Linear Readout of Neural Manifolds with Continuous Variables
Department of Physics and Kempner Institute, Harvard University | Center for Computational Neuroscience, Flatiron Institute
30秒速读
IN SHORT: This paper addresses the core challenge of quantifying how the geometric structure of high-dimensional neural population activity (neural manifolds) determines the efficiency of linearly decoding continuous variables, amidst complex neural variability.
核心创新
- Theory Develops the first statistical-mechanical theory of 'regression capacity,' extending manifold capacity theory from discrete classification to continuous regression problems.
- Methodology Derives closed-form analytical formulas for regression capacity in synthetic models (e.g., spherical manifolds) and provides an instance-based estimator applicable to finite, real-world datasets.
- Biology Applies the framework to primate visual cortex data, quantitatively demonstrating a monotonic increase in linear decodability for object pose parameters (size, position) along the ventral stream (pixels → V4 → IT).
主要结论
- For synthetic spherical manifold models, regression capacity α decreases with increasing manifold dimensionality D and equivalent radius R_equiv (e.g., capacity drops as D increases for fixed R_equiv).
- In the mean-field model for point-like manifolds, capacity depends solely on the asymptotically equivalent tolerance ε_equiv = ε/(σ√(1-ρ)), where σ scales labels and ρ controls label correlations.
- Application to macaque ventral stream data shows regression capacity for object size and position increases (critical dimension N_crit decreases) from early (pixels) to late (IT) processing stages, indicating more efficient geometric organization for linear readout.

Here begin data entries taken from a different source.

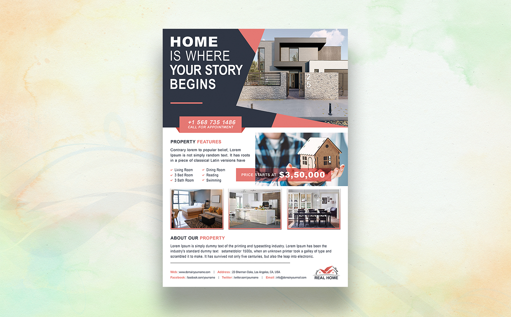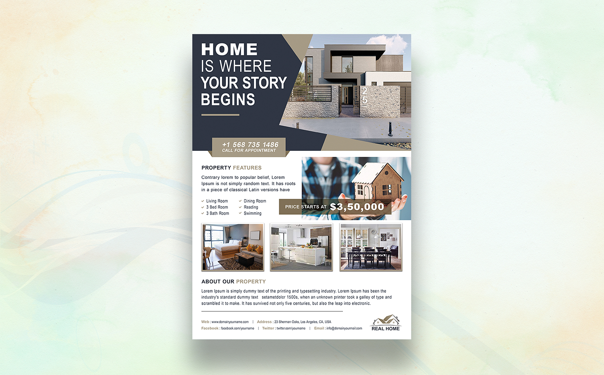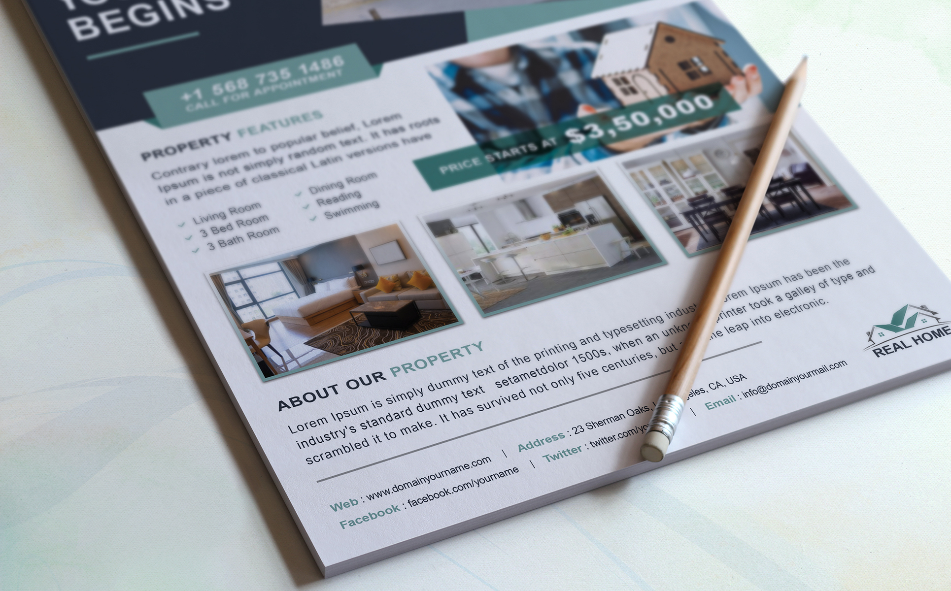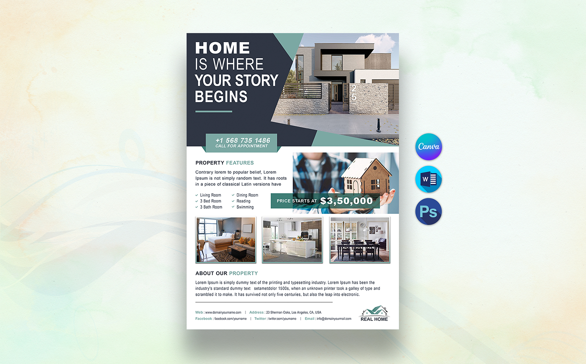 Real Estate Flyer Template is a great tool for promoting your real estate business also useful for a realtor, real estate agent and interior design business. You can use it for real estate listings, interior business, advertising homes or property for sale or houses for rent.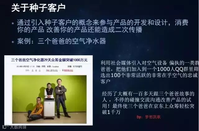 所以,需要从市场提取这些客户的样本做重点服务对象,这个对象就是种子用户,种子用户有很强大的力量,他们不仅使用你的产品,还能够给到你产品开发上一些建议,甚至愿意为你的产品来做宣传,具体可以看看小米的粉丝和锤子手机的粉丝。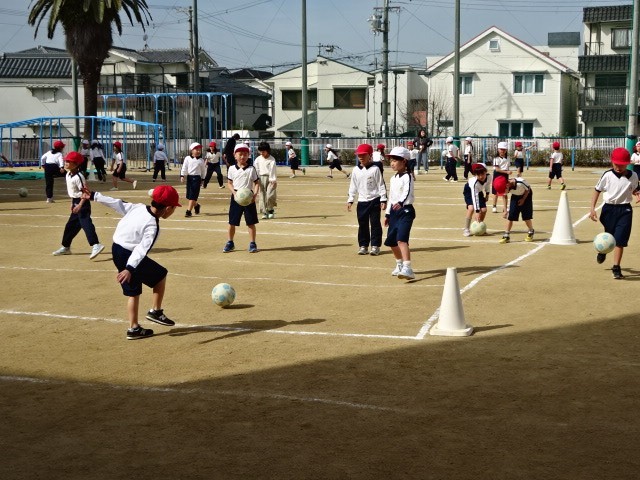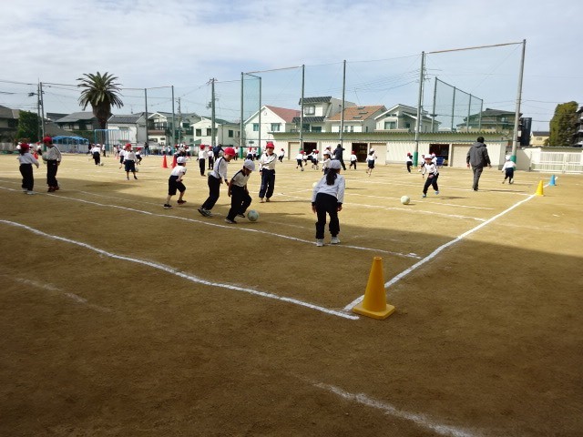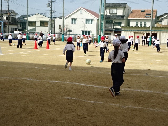 1年生の子どもたち、サッカーボールのけり方も上手になりました。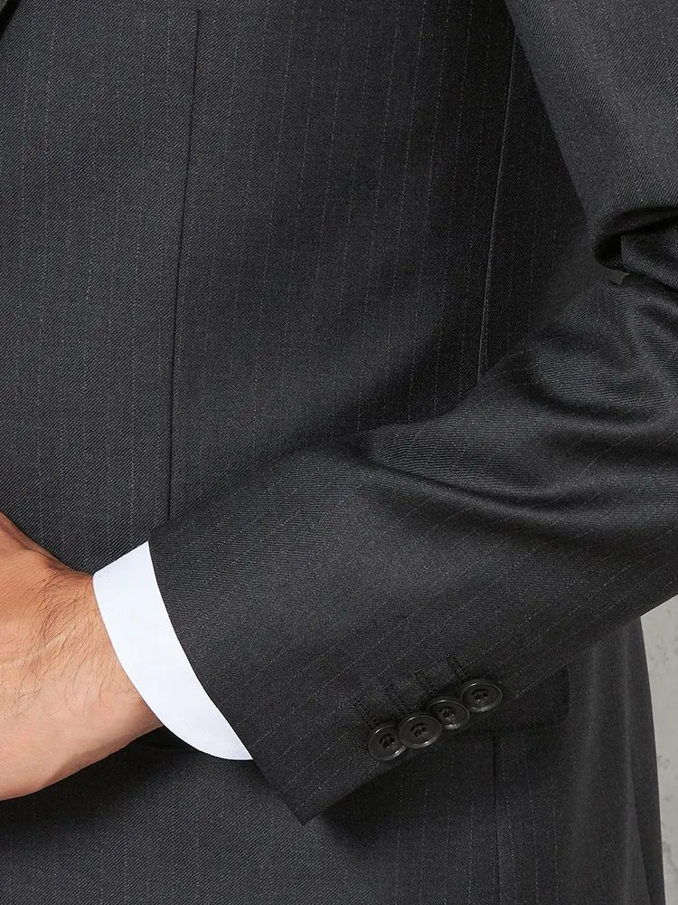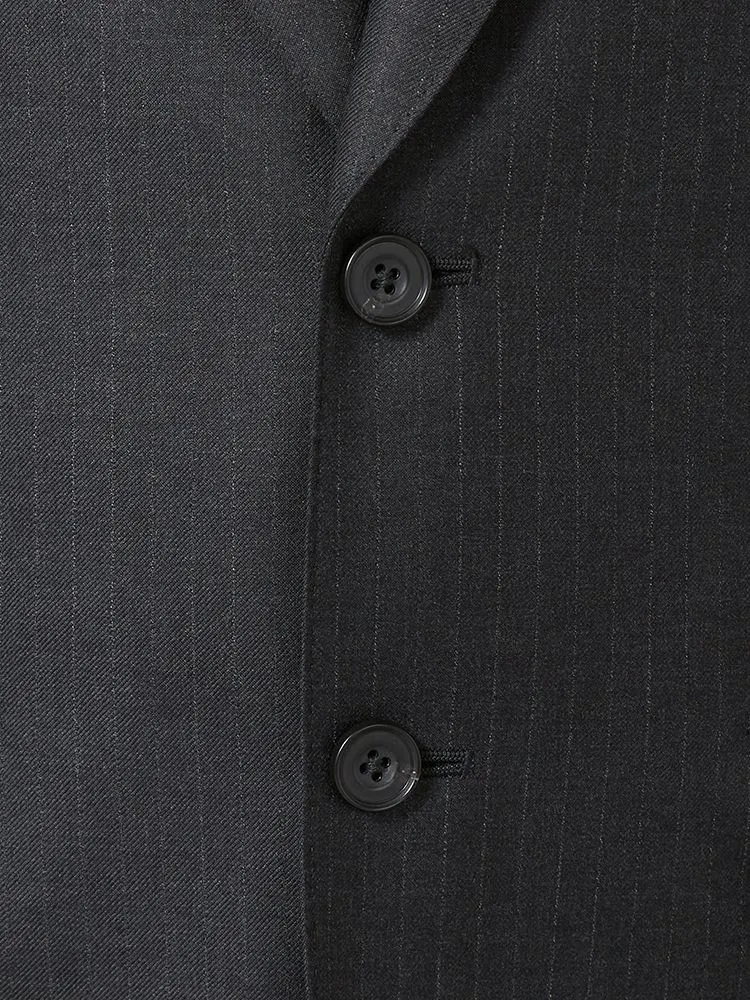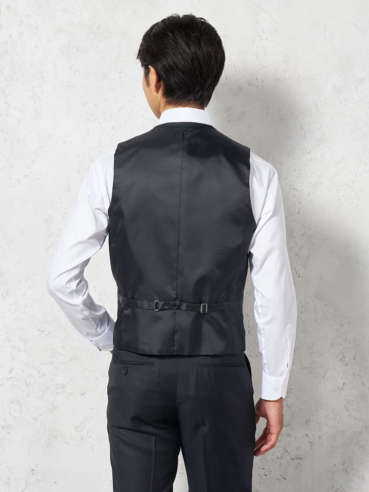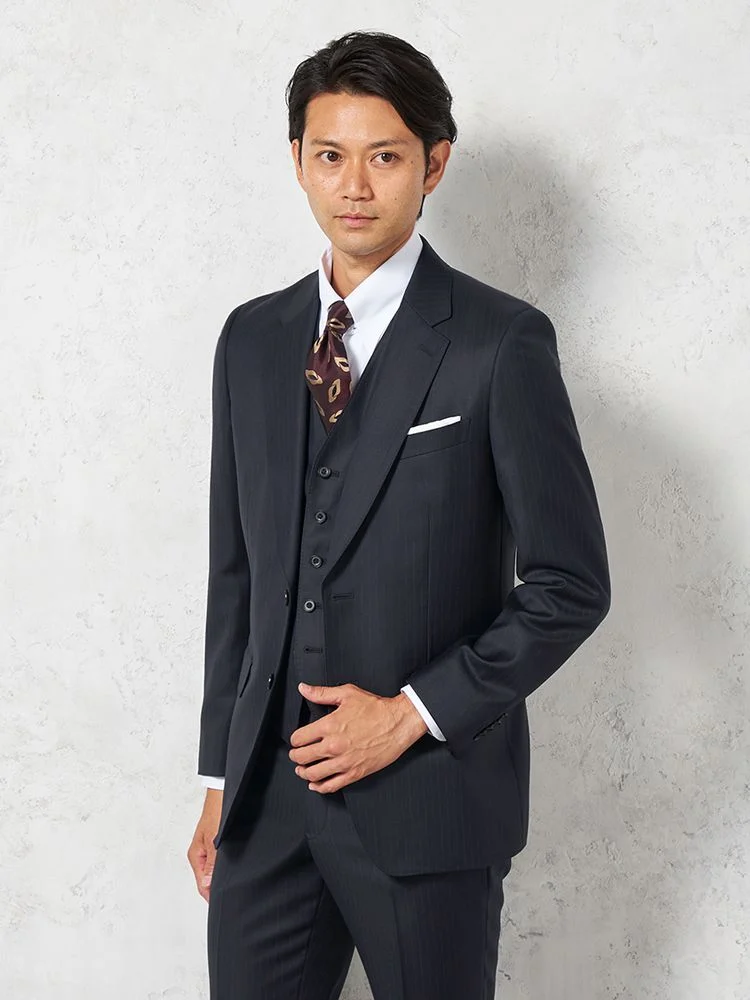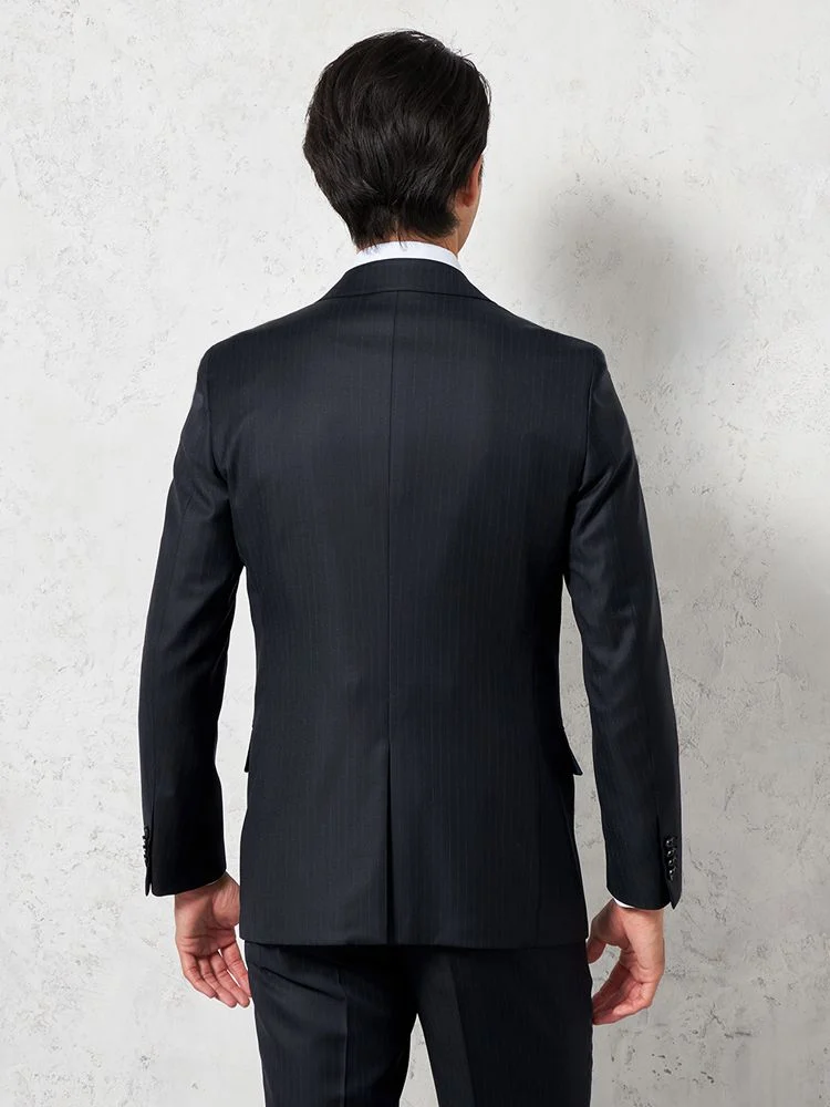【即納】スリーピーススーツ2つボタン【WEB限定】上下ウォッシャブルブラックシャドウストライプ3シーズン対応

摘要: Brains and artificial neural networks compute with continuous variables such as object position or stimulus orientation. However, the complex variability in neural responses makes it difficult to link internal representational structure to task performance. We develop a statistical-mechanical theory of regression capacity that relates linear decoding efficiency of continuous variables to geometric properties of neural manifolds. Our theory handles complex neural variability and applies to real data, revealing increasing capacity for decoding object position and size along the monkey visual stream.